Saat pesta pernikahan di hotel, ada orang yang datang nebeng makan. Satu meja tertawa dan bercakap-cakap, hanya orang itu saja yang makan rakus seperti sudah tiga hari tak makan. Melihat tingkahnya, mereka bertanya, “Kamu keluarga pihak pengantin pria atau wanita?”
Orang itu tidak siap, gugup dan ketahuan. Maka tamu di meja memanggil kedua mempelai. Ketika mereka datang, kedok si tamu terbongkar. Wah, datang nebeng di pesta kami? Tidak bisa dibiarkan!
Kedua mempelai rupanya orang yang berani, langsung memanggil polisi. Polisi datang dan memutuskan bahwa si penumpang makan tidak akan dihukum berat, cukup membayar sumbangan.
Akhirnya, ia benar-benar membayar dengan uang asli! Cerita ini viral di internet dan membuat banyak netizen tertawa.
Kembali ke soal koki di pesta Chen Hanzhong.
“Bukan koki hebat, tadi aku ke dapur, yang masak hari ini Liu Erhan,” seseorang yang tahu fakta sebenarnya membocorkannya.
“Serius?
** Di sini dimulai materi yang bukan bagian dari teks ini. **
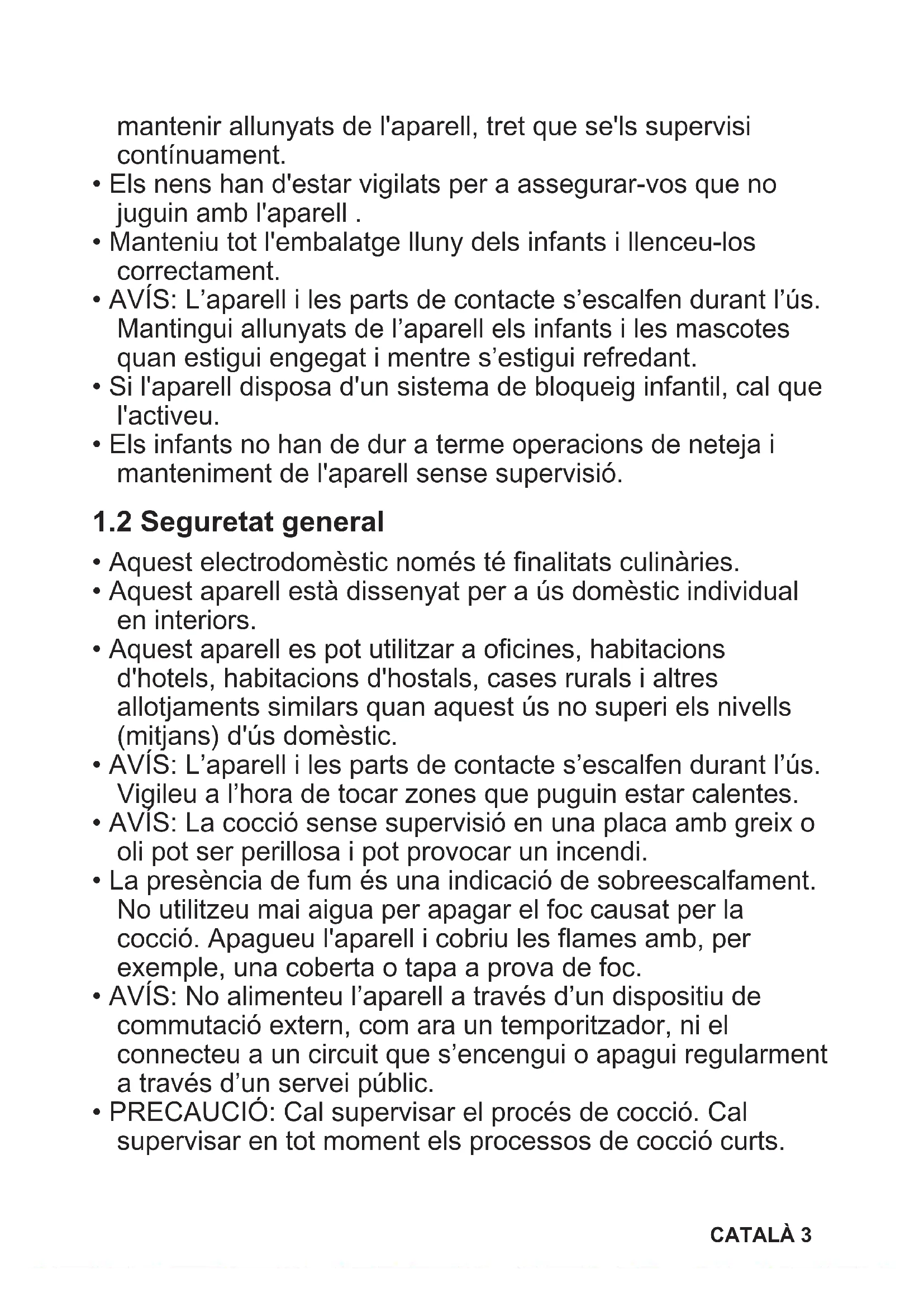 - PRECAUCIÓ: Cal supervisar el procés de cocció. Cal supervisar en tot moment els processos de cocció curts. CATALÀ 3• AVÍS: Perill d’incendi: No deseu objectes sobre les superfícies de cocció.

Liu Erhan yang masak?” Banyak tamu terkejut, sebab di Fengming, koki tidak banyak, dan hampir semua orang pasti pernah makan masakannya.
Mayoritas orang kenal Liu Erhan.
“Benar, mana mungkin aku bohong soal beginian. Tuh, tanya saja ke asisten yang baru lewat ini,” kata orang itu sambil menunjuk salah satu asisten yang membawa makanan.
Semua pun bertanya, dan setelah memastikan memang Liu Erhan yang jadi koki, semangat mereka langsung anjlok.
“Habis sudah, siang ini kita bakal kelaparan. Masakan Liu Erhan biasa saja untuk beberapa meja, kali ini lebih dari seratus meja, jangan harap enak...”
“Benar juga, kenapa Chen Hanzhong memilih dia? Waduh, aku makan buah sama hidangan dingin saja deh.”
Kabar Liu Erhan jadi koki menyebar cepat di seluruh halaman, semua orang terkejut, bingung, lalu mengeluh dan segera menghabiskan hidangan dingin dan buah.
Banyak pandangan aneh tertuju pada Chen Hanzhong, sang tuan rumah, yang hanya tersenyum, “Kenapa kalian semua lihat aku? Masakan Liu Erhan bukannya enak? Menurutku sih enak, kalian harus menghargai dan makan lebih banyak.”
Melihat sikap keras kepala dan santai tuan rumah, semua orang hanya bisa terdiam.
Suasana pesta ulang tahun pun berubah, sedikit lucu, sedikit aneh.